February's Training: Aiming for that 2nd Cat Racing License

My plan from January's update on my training status was to start building up the muscular endurance and training volume. I had a fairly steady January and here's my update from February.


February 2012 Training Diary
1. Day off
2. Steady turbo trainer session working on endurance and muscular endurance. Following a ten minute warm up I performed 30 minutes in 52*21 at a cadence of around 90 rpm. HR 175-180 bpm
3. Day off
4. Cross Bike ride for 3 hours in Sherwood Forest. Lots of ice on the roads so cross-country seemed like a good option. 2 hour ride through Sherwood Forest up to Thieves Wood and through Newstead Abbey with a hot chocloate to try to warm me up at Blidworth Woods Tuck Van follwed by a steady hour home.
5. Overnight snow meant roads were impassable. 2 hours on the cross bike in the snow up Bestwood Country Park. It was exceptionally hard work in the snow which many walkers had diced up but great fun all the same. 
Cyclocross in the snow- Sherwood Forest
6. Day off
7. Turbo 50 mins. 10 min warm up, 30 mins ME session in 52*21 then 10 mins easy recovery. HR 170-180 bpm. Ultra cold night so steady session as in garage
8. Gym- endurance session for whole body and core stability
9. Turbo 50mins, Steady Muscular Endurance session. Warm up then 30 mins in 52-19 HR 170-180 bpm. Very cold night so steady session
10. Day off
11. Turbo 50 mins as roads still treacherous due to compacted ice and snow. 10 min warm up followed by 30 mins in 52*15 gear. Strength element. Lower than usual cadence however cadence began to rise to 80-90 rpm by end of session as fluid trainer warmed up.
12. 80 miles 5 hours riding with Samcycling RT teammate Alex in the the Peak District. Met at Ambergate heading over towards Wirksworth, Up Via Gellia and down the Miner's Standard heading over to Bakewell. Up through Bakewell and through Chatsworth Estate before returning down the A6. Very hard ride as Alex is climbing well. Felt cream crackered on arrival home but a great morning's riding.

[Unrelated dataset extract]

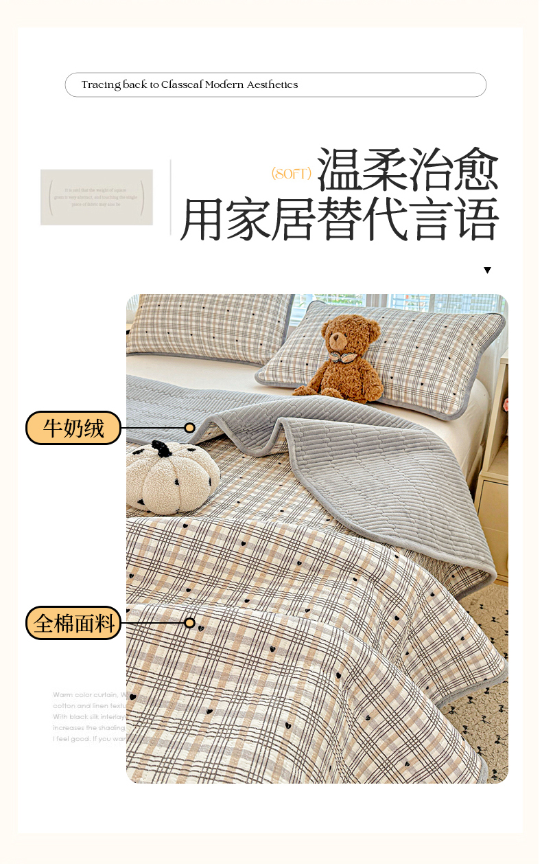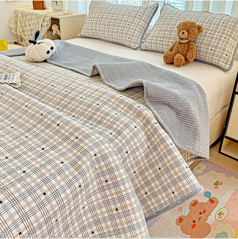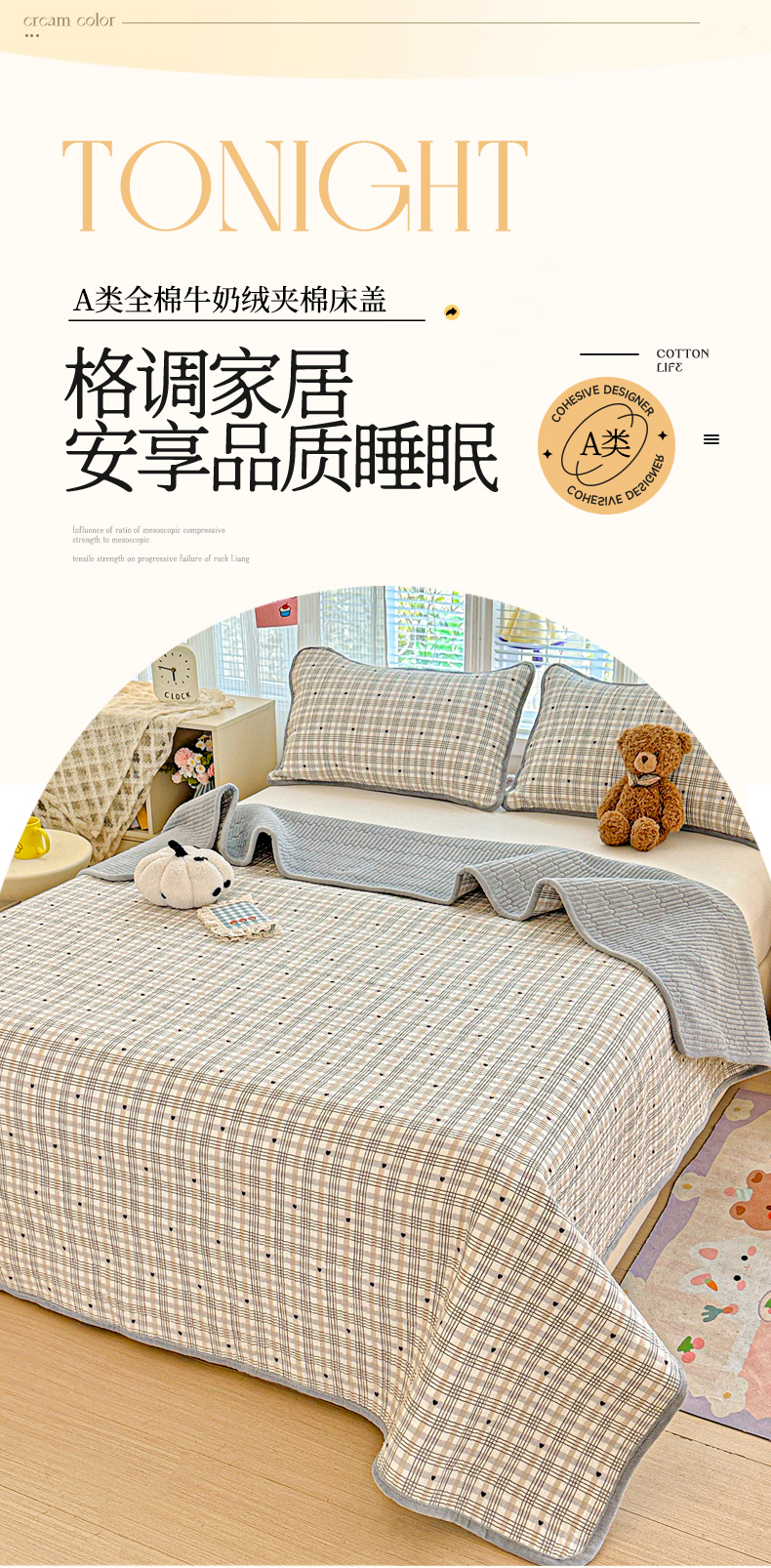 • 91家纺网 家纺一手货源 找家纺 恒尚居 2025新款全棉牛奶绒床盖四季可用纯棉夹棉床单床褥垫三件套-秋冬款系列三 简格调【A纯棉-B牛奶绒】

13. Easy night- sore legs from Sunday's ride
14. Turbo 50 mins. Strength and ME session. 10 min warm up followed by 30mins in 52*15 gearing. Cadence 80-90 rpm (Rising during session as fluid trainer warmed up) 
15. 1 hour gym session focusing on leg strength and back strength
16. Turbo 50 mins. Strength and ME Session. 10 mine warm up followed by 25 mins in 52*14 gearing with cadence 70-80 rpm although pushing up higher towards the end of the session. Hard work feeling like pushing through sand. Steady 15 mins recovery. Starting to feel much stronger
17. Day off
18. 70 miles- 4.5 hours riding in Derbyshire-heading into the Peak District including the climbs of Holy Lane from Ambergate, Part of the Via Gellia and then up Bonsall and Beeley Moor. Really hard ride. Mainly riden in the Big Ring. Tough conditions as very windy and started raining heavily once got up on the tops of the Moors past Bonsall until home.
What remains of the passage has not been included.